- **Exercise directions**
An exact copy of the data below is needed; please leave out any pictures.

Stored entries:
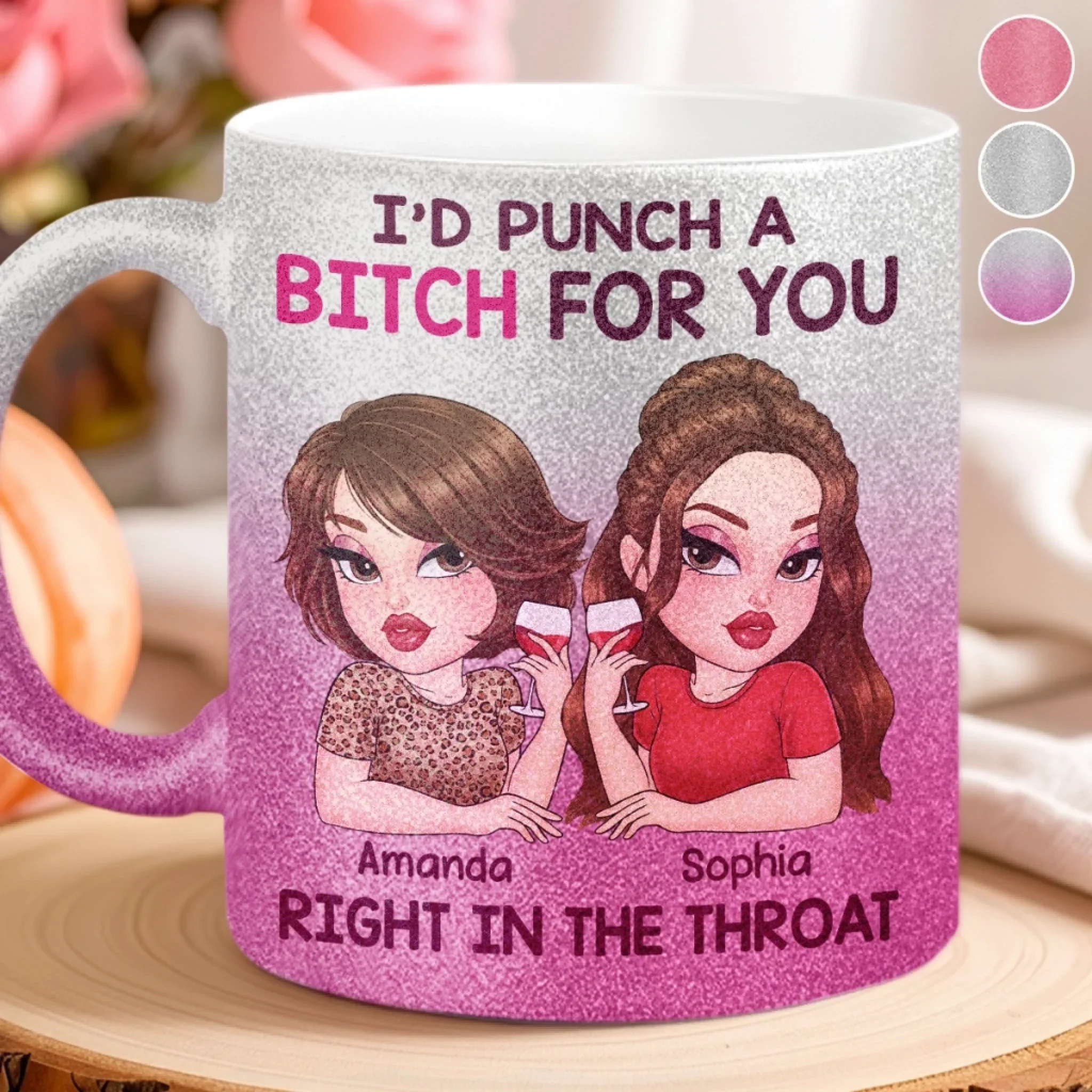 Custom 11OZ Glitter Matte Ceramic Mug - Personalized Best Friend Birthday Gifts For Women, Besties, Sisters, BFF - Besties Bring The Sunshine In
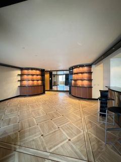 - Просторная гостиная 65 м² с симметричными полукруглыми стенами и эффектной галогенной подсветкой — идеальна для приема гостей и расслабления.
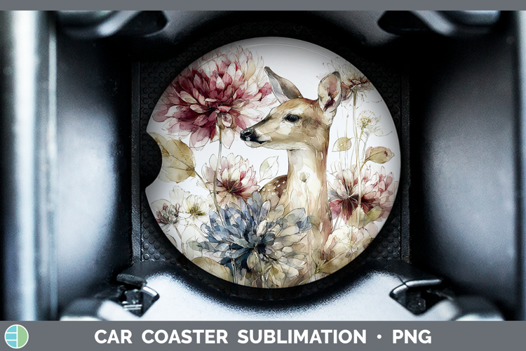 Deer Car Coaster Animals Autumn Floral Sublimation Designs
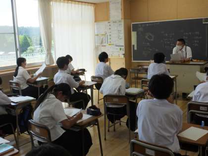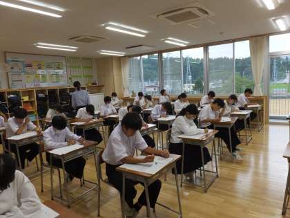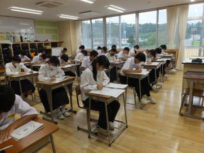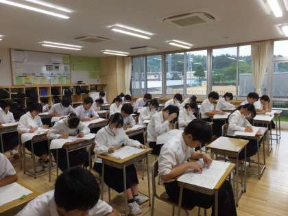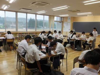 中間考査の答案が返され、解説を聞いて解き直しをしています。
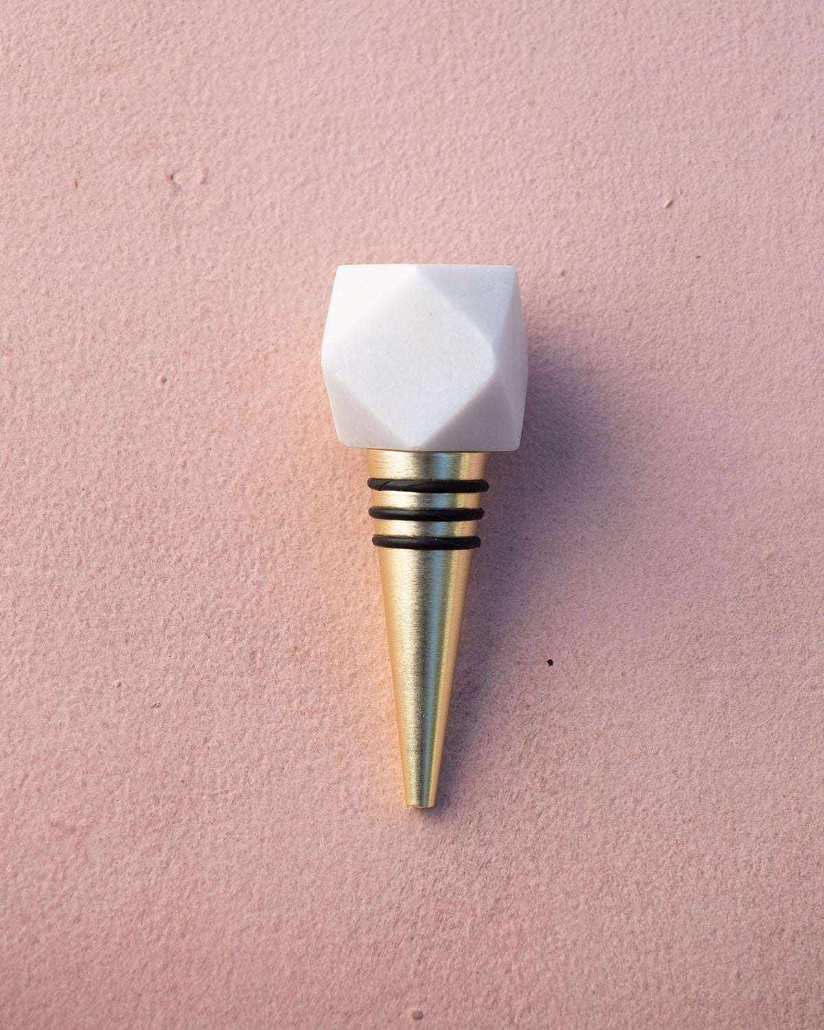 • An accessory for your bar cabinet, this bottle stopper features a white marble sphere on a body of sturdy brass-coated aluminium.

- **Exercise result**
 Custom 11OZ Glitter Matte Ceramic Mug - Personalized Best Friend Birthday Gifts For Women, Besties, Sisters, BFF - Besties Bring The Sunshine In
 - Просторная гостиная 65 м² с симметричными полукруглыми стенами и эффектной галогенной подсветкой — идеальна для приема гостей и расслабления.
 Deer Car Coaster Animals Autumn Floral Sublimation Designs
 中間考査の答案が返され、解説を聞いて解き直しをしています。
 • An accessory for your bar cabinet, this bottle stopper features a white marble sphere on a body of sturdy brass-coated aluminium.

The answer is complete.